The physical properties, strength index, and permeability coefficients of oil-contaminated silty clay have changed, leading to the susceptibility of flood-controlled ancient dikes to disasters such as leakage and bank-slope instability. Through dynamic triaxial tests and variable head permeability tests, the strength index and permeability coefficient changes in oil-contaminated soil and MLM-improved soil were obtained. By using the finite element numerical simulation method for comparative analysis, the effect of MLM improvement on oil-contaminated soil on improving the leakage of flood-controlled ancient dikes and bank slope stability was obtained. Subsequently, MLM pressure grouting technology was used to repair the ruins of flood-controlled ancient dikes. The following conclusions were drawn from the above series of studies.
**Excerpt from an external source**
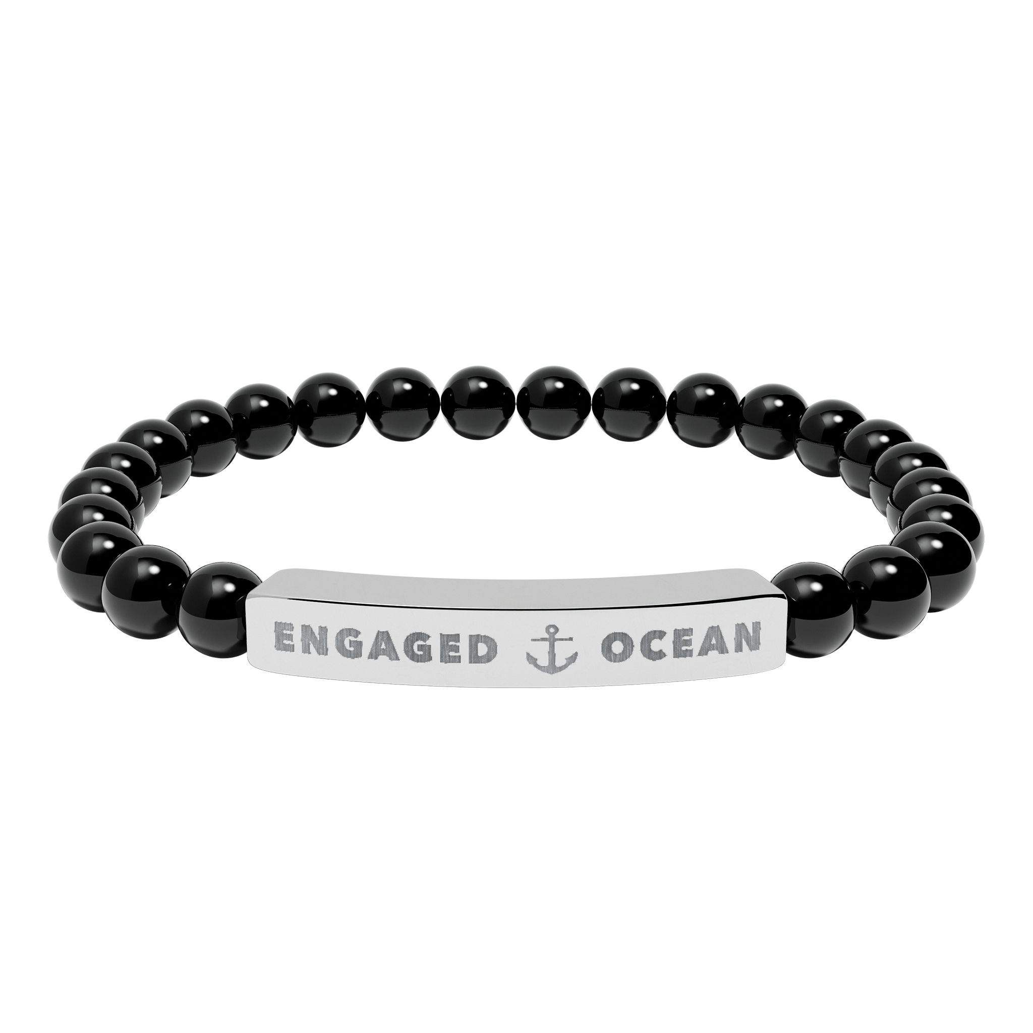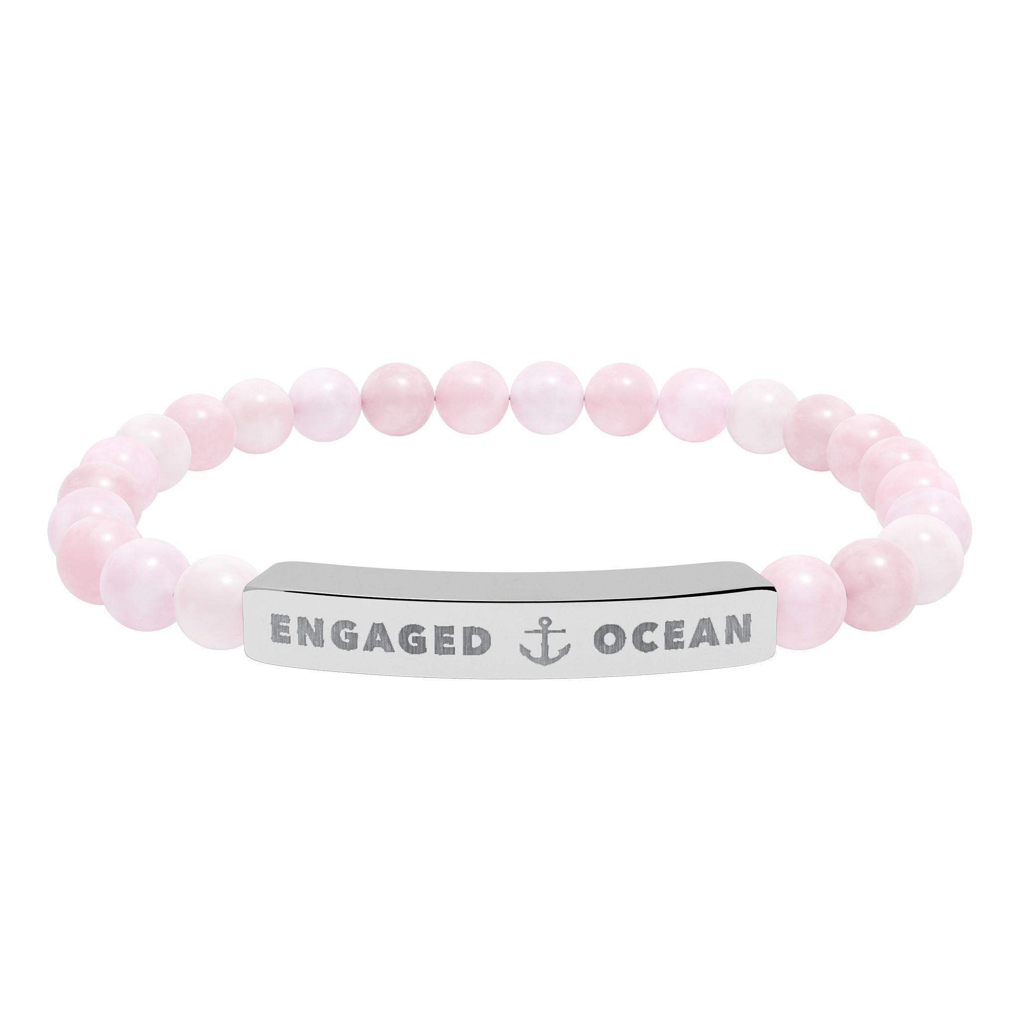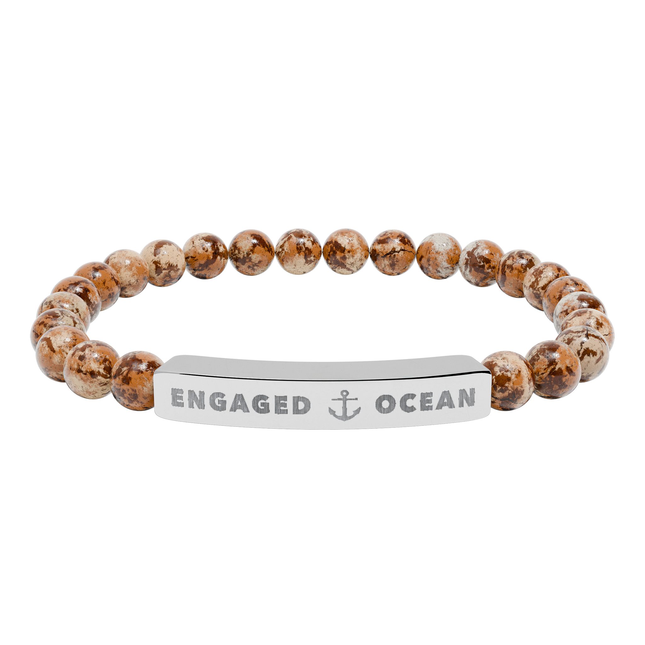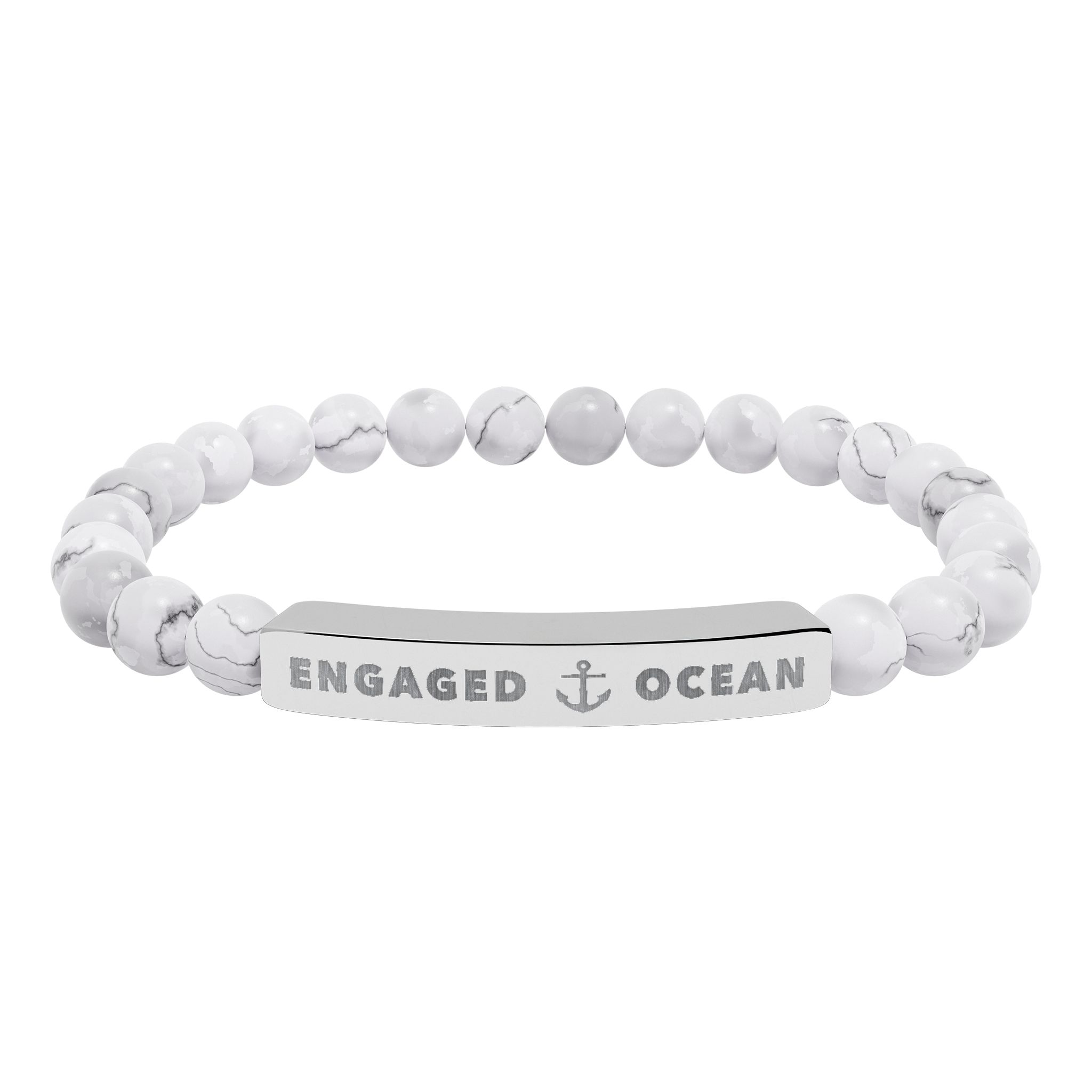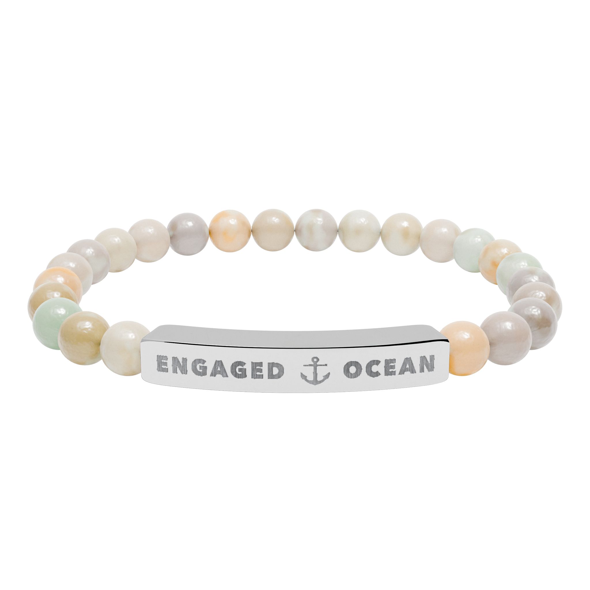 A calm, beachside-inspired stretch bracelet crafted from natural stone beads and anchored by a brushed stainless steel engraving plate. Each smooth bead carries soft, ocean-toned hues â from pale greens and sandy creams to marbled white â creating a subtle, wearable reminder of shorelines and quiet tides. The engraved plate features a crisp, permanent etching that reads with understated nautical charm. Lightweight and elastic, it slips on easily and sits comfortably for daily wear, whether youâre strolling a boardwalk or layering it with other bracelets at a sunset gathering. Packaged in a white gloss jewelry box with non-tarnish cotton fiber, it arrives ready to keep or give with a simple, personal touch.

(1) After the silty clay was contaminated with oil, the relationship between the principal stress deviation and strain of the soil sample changed with the change in oil content, leading to stress hardening. When the oil content increased, the strength index also changed. When the oil content was 6%, the friction angle reached its maximum value, but as the oil content continued to increase, the friction angle decreased. When MLM was used to repair oil-contaminated soil, as the MLM content increased, the friction angle and cohesion of the soil sample also increased. When the MLM content was 10% and the oil content was 6%, the friction angle of the soil sample reached its maximum value. At the same MLM content, the higher the density of the soil sample, the greater the friction angle and cohesion, and the smaller the permeability coefficient.

(2) The finite element numerical simulation analysis shows that after the soil of the flood-controlled ancient dike was contaminated with oil, when the water level was at its maximum rate of change, and the water level was 26.58 m, the extreme hydraulic gradient of the ancient dike soil reached 0.64, and the extreme safety coefficient of bank slope stability was 1.004. When MLM was used to repair oil-contaminated soil, when the MLM content was 10%, the extreme hydraulic gradient of the ancient dike was 0.44, a decrease of 31.3%, and the extreme safety factor of bank slope stability was 1.317, an increase of 31.2%.

(3) MLM pressure-grouting technology was used to repair flood-controlled ancient dikes. The effective diffusion radius of MLM was detected through grouting tests, and then the distance, arrangement, and depth of MLM pressure grouting holes were determined. After the MLM grouting repair of oil-contaminated soil on the slope of the ancient dike was completed, on-site water injection permeability tests showed that the permeability coefficient of the ancient dike soil decreased by 8–12%.

Notably, this study can provide research methods and technical measures for the repair of similar flood-controlled ancient dikes.